- **Directions for this task**:
Restate the records below word for word, and omit the images they hold.

- **Record set**:
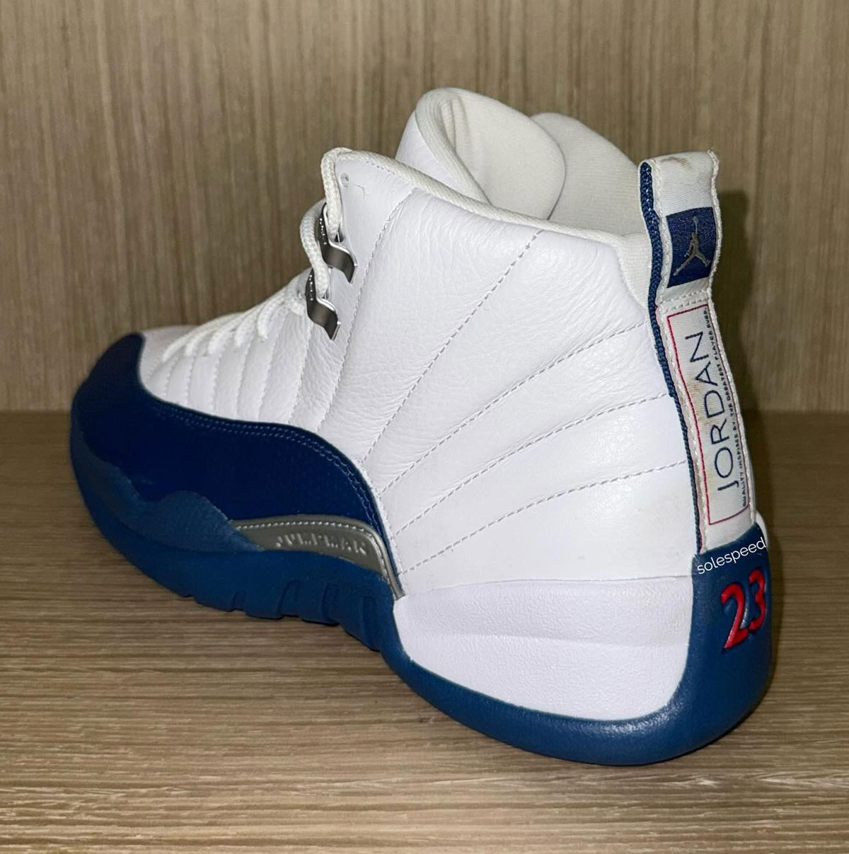 Detailed images of the upcoming French Blue 12s have surfaced via @solespeed4image, showing a design consistent with the original 2004 release. Tumbled white leather makes up the upper, complemented by pebbled “French Blue” leather on the toe/mudguard sections. Metallic silver eyelets, blue tongue stitching, and red hits on the outsole, spine, and heel “23” text sum up the rest of the look.
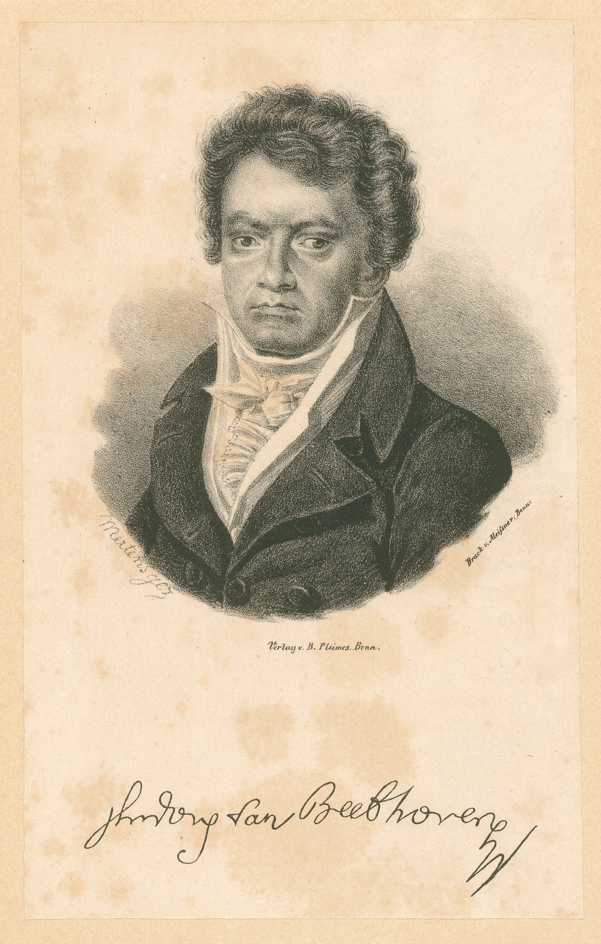 Ludwig van Beethoven - Lithographie von Mertens (möglicherweise Christian Heinrich Ludwig) nach dem Stich von Blasius Höfel von 1814, dem eine Zeichnung von Louis Letronne zu Grunde lag, erschienen im Verlag Pleimes, Bonn, 1845
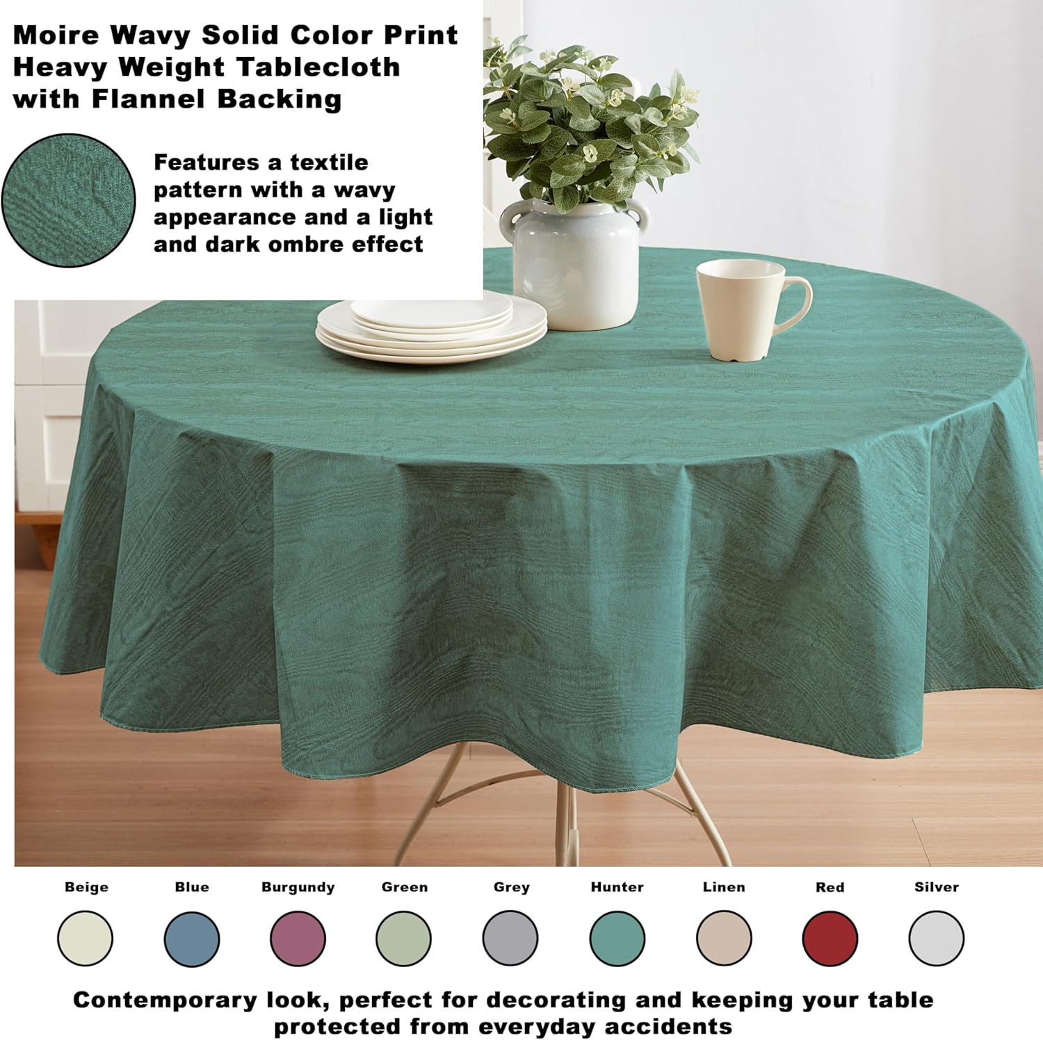- Newbridge Vinyl Flannel Backed Tablecloth, 70 inch Round, Hunter Green Moire Wavy Solid Design, Waterproof Heavyweight Indoor/Outdoor Table Cover, Wipe Clean Easy Care
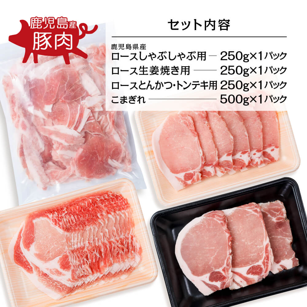 ・鹿児島県産 豚ロースしゃぶしゃぶ用 250g×1パック ・鹿児島県産 豚ロース生姜焼き用 250g×1パック ・鹿児島県産 豚ロースとんかつ・トンテキ用 250g×1パック ・鹿児島県産 豚こまぎれ 500g×1パック |
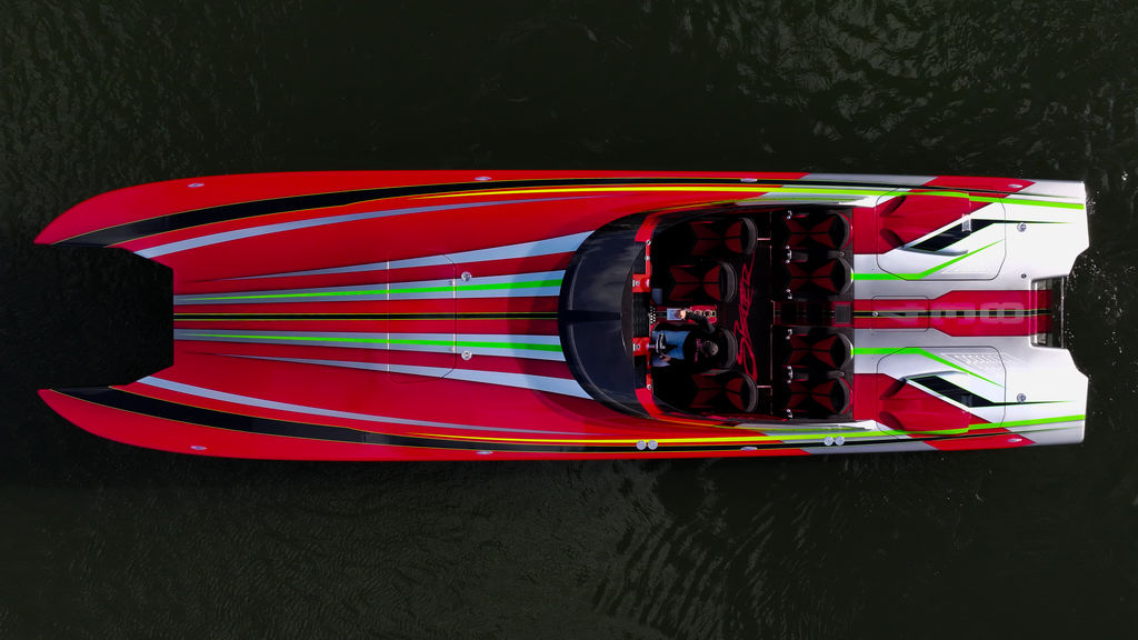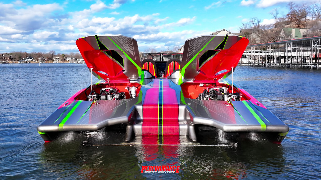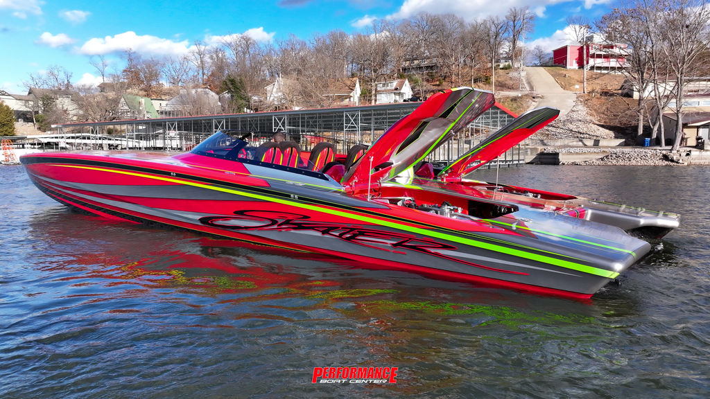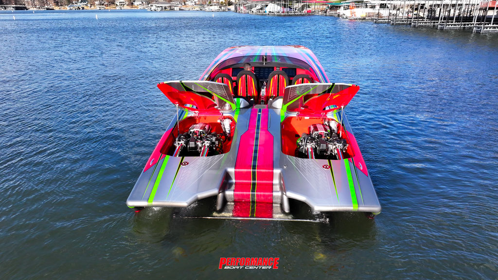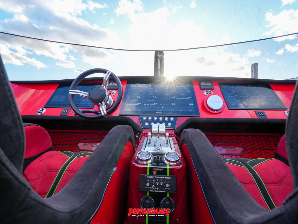 2021 Skater 438 Powered by Mercury Racing QC4V 1100/1350s with 46 hours and M8 Drives, 8 Seat Cockpit configuration, Dual Helm Configuration, Full Alcantera Interior, 3 Garmin GPS Chart plotters on the dash, Dash Blowers, Tiger Performance Headsets, Seadek Flooring, Rear view Camera, Accent Lighting throughout, Cockpit Cover, Tilt Trailer Included, and much more!
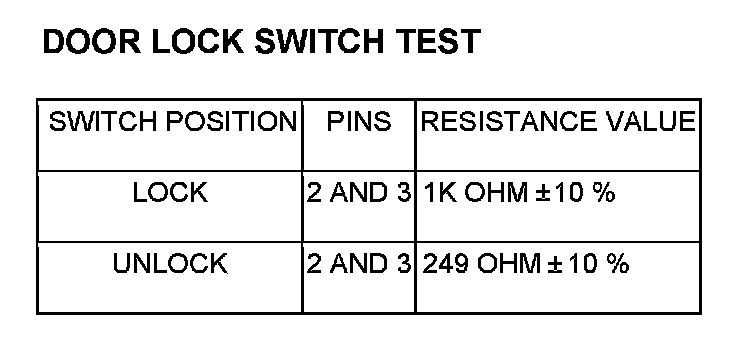 2. Using an ohmmeter, refer to Door Lock Switch Test table to determine if switch resistance is correct in the Lock and Unlock switch positions. Refer to Wiring Diagrams for harness connector pin-outs.
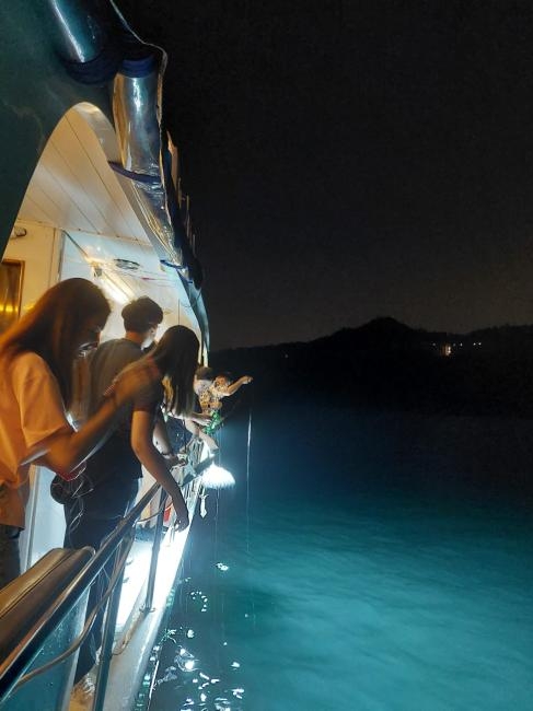 今次唔單只介紹大家參加一個釣墨魚團,大家透過以下連結預訂就可以有買一送一優惠,折段人均HK$188位。費用包齊講解員、釣魚工具、即釣即煮、飲品一包、遊艇第三者保險及旅遊平安保險,夠晒方便!講解員會教你釣墨魚小技巧,用螢光八爪鉤提前喺燈下吸光,將線放到 6 米深度左右,喺活躍區域時不時提動吊鉤。感覺到有墨魚咬鉤,就快速收線,等魷魚喺水面吐完墨,再提上岸。
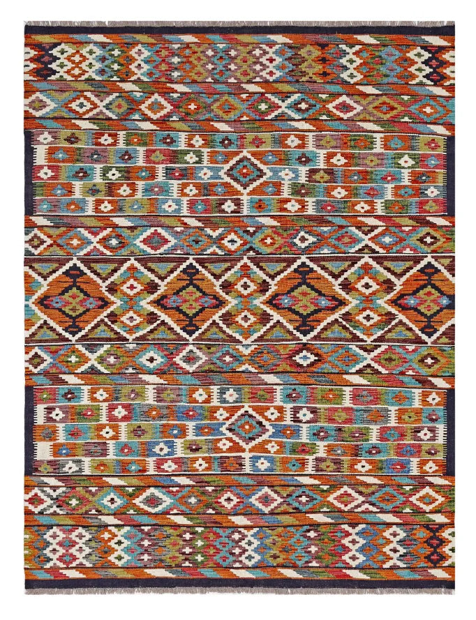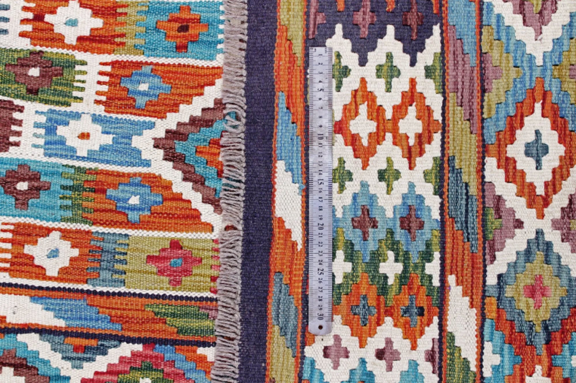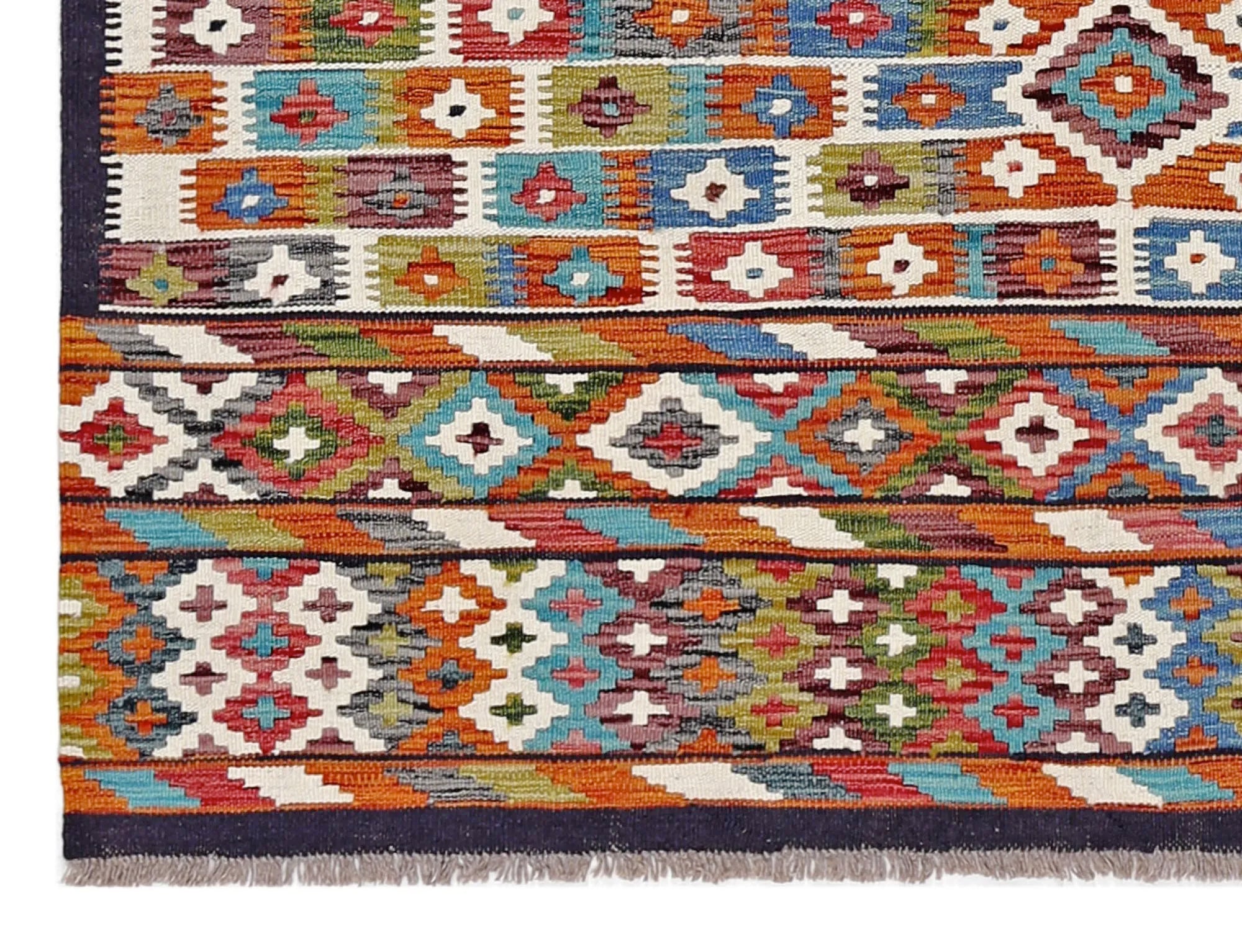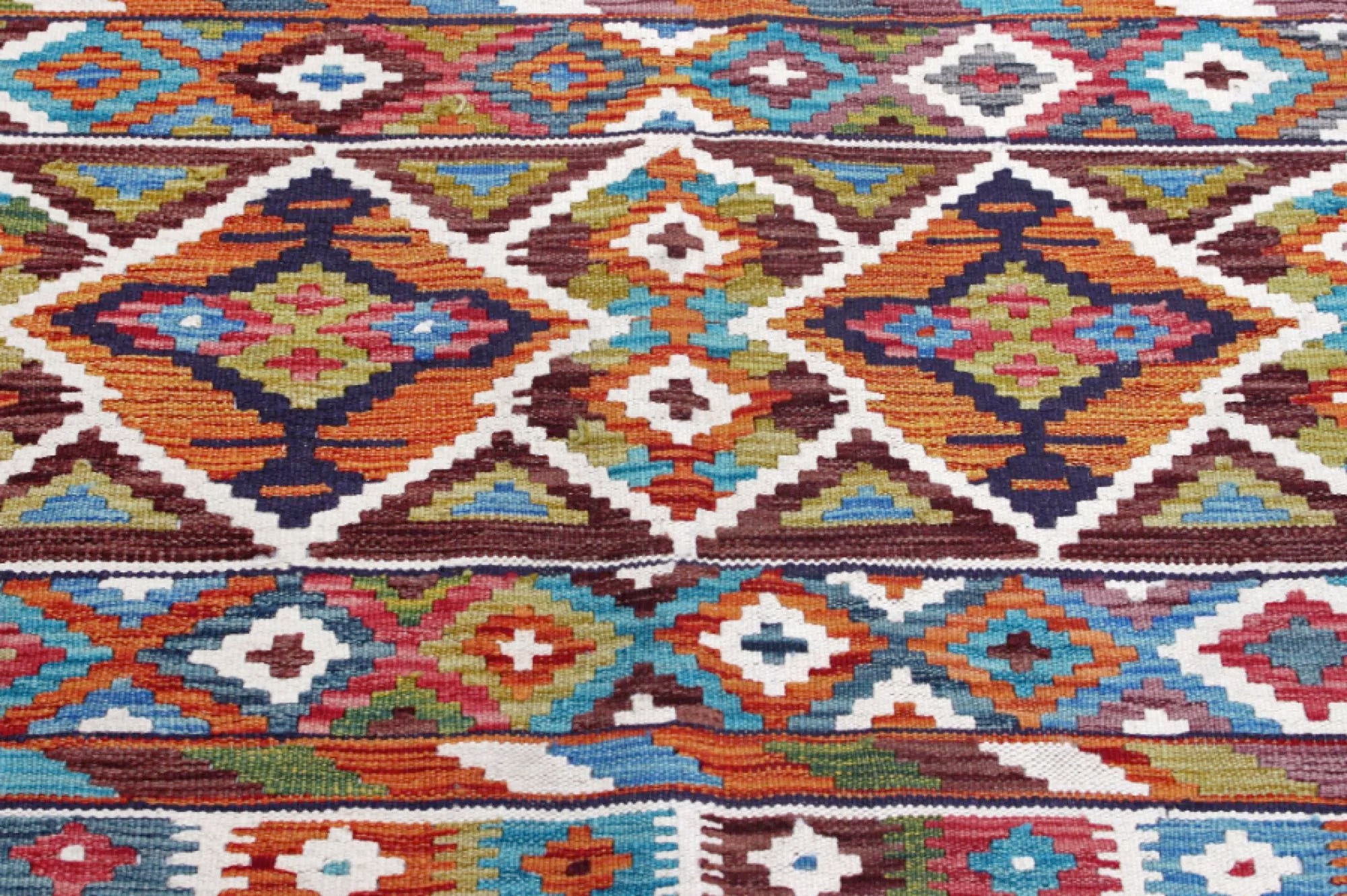 A Masterpiece of Afghan Craftsmanship with Caucasian Inspiration. Kelim Chobi rugs are a brilliant e x ample of traditional Afghan craftsmanship, combining both quality and aesthetic finesse. These rugs are uniquely handwoven in Afghanistan and carry a rich history of craftsmanship, where traditional techniques have been passed down through generations. What makes Kelim Chobi rugs particularly remarkable is their distinct design, heavily influenced by Caucasian patterns. The geometric shapes and symmetrical patterns, typical of Caucasian rugs, give Kelim Chobi rugs their unique and timeless character. The colors used in Kelim Chobi rugs are often subdued and natural, providing them with an elegant and sophisticated look. These colors are derived from natural dyes, which not only provide a durable and authentic color palette but also reflect a deep respect for nature and traditional methods. Each Kelim Chobi rug is handwoven with the utmost care and precision, ensuring high quality and durability. The rugs are flat-woven, giving them a smooth surface and making them both practical and easy to maintain. Thanks to their combination of Afghan craftsmanship and Caucasian design, Kelim Chobi rugs are a popular choice for those looking for a beautiful and timeless decorative element that can enhance any room. These rugs are not only practical floor coverings but also artworks that tell a story of tradition and culture. If you are looking for a rug that combines traditional craftsmanship with stylish design, Kelim Chobi rugs are an e x cellent choice. Their timeless beauty and durable quality make them a perfect investment for your home.

- **Expected answer**:
 Detailed images of the upcoming French Blue 12s have surfaced via @solespeed4image, showing a design consistent with the original 2004 release. Tumbled white leather makes up the upper, complemented by pebbled “French Blue” leather on the toe/mudguard sections. Metallic silver eyelets, blue tongue stitching, and red hits on the outsole, spine, and heel “23” text sum up the rest of the look.
 Ludwig van Beethoven - Lithographie von Mertens (möglicherweise Christian Heinrich Ludwig) nach dem Stich von Blasius Höfel von 1814, dem eine Zeichnung von Louis Letronne zu Grunde lag, erschienen im Verlag Pleimes, Bonn, 1845
- Newbridge Vinyl Flannel Backed Tablecloth, 70 inch Round, Hunter Green Moire Wavy Solid Design, Waterproof Heavyweight Indoor/Outdoor Table Cover, Wipe Clean Easy Care
 ・鹿児島県産 豚ロースしゃぶしゃぶ用 250g×1パック ・鹿児島県産 豚ロース生姜焼き用 250g×1パック ・鹿児島県産 豚ロースとんかつ・トンテキ用 250g×1パック ・鹿児島県産 豚こまぎれ 500g×1パック |
 2021 Skater 438 Powered by Mercury Racing QC4V 1100/1350s with 46 hours and M8 Drives, 8 Seat Cockpit configuration, Dual Helm Configuration, Full Alcantera Interior, 3 Garmin GPS Chart plotters on the dash, Dash Blowers, Tiger Performance Headsets, Seadek Flooring, Rear view Camera, Accent Lighting throughout, Cockpit Cover, Tilt Trailer Included, and much more!
 2. Using an ohmmeter, refer to Door Lock Switch Test table to determine if switch resistance is correct in the Lock and Unlock switch positions. Refer to Wiring Diagrams for harness connector pin-outs.
 今次唔單只介紹大家參加一個釣墨魚團,大家透過以下連結預訂就可以有買一送一優惠,折段人均HK$188位。費用包齊講解員、釣魚工具、即釣即煮、飲品一包、遊艇第三者保險及旅遊平安保險,夠晒方便!講解員會教你釣墨魚小技巧,用螢光八爪鉤提前喺燈下吸光,將線放到 6 米深度左右,喺活躍區域時不時提動吊鉤。感覺到有墨魚咬鉤,就快速收線,等魷魚喺水面吐完墨,再提上岸。
 A Masterpiece of Afghan Craftsmanship with Caucasian Inspiration. Kelim Chobi rugs are a brilliant e x ample of traditional Afghan craftsmanship, combining both quality and aesthetic finesse. These rugs are uniquely handwoven in Afghanistan and carry a rich history of craftsmanship, where traditional techniques have been passed down through generations. What makes Kelim Chobi rugs particularly remarkable is their distinct design, heavily influenced by Caucasian patterns. The geometric shapes and symmetrical patterns, typical of Caucasian rugs, give Kelim Chobi rugs their unique and timeless character. The colors used in Kelim Chobi rugs are often subdued and natural, providing them with an elegant and sophisticated look. These colors are derived from natural dyes, which not only provide a durable and authentic color palette but also reflect a deep respect for nature and traditional methods. Each Kelim Chobi rug is handwoven with the utmost care and precision, ensuring high quality and durability. The rugs are flat-woven, giving them a smooth surface and making them both practical and easy to maintain. Thanks to their combination of Afghan craftsmanship and Caucasian design, Kelim Chobi rugs are a popular choice for those looking for a beautiful and timeless decorative element that can enhance any room. These rugs are not only practical floor coverings but also artworks that tell a story of tradition and culture. If you are looking for a rug that combines traditional craftsmanship with stylish design, Kelim Chobi rugs are an e x cellent choice. Their timeless beauty and durable quality make them a perfect investment for your home.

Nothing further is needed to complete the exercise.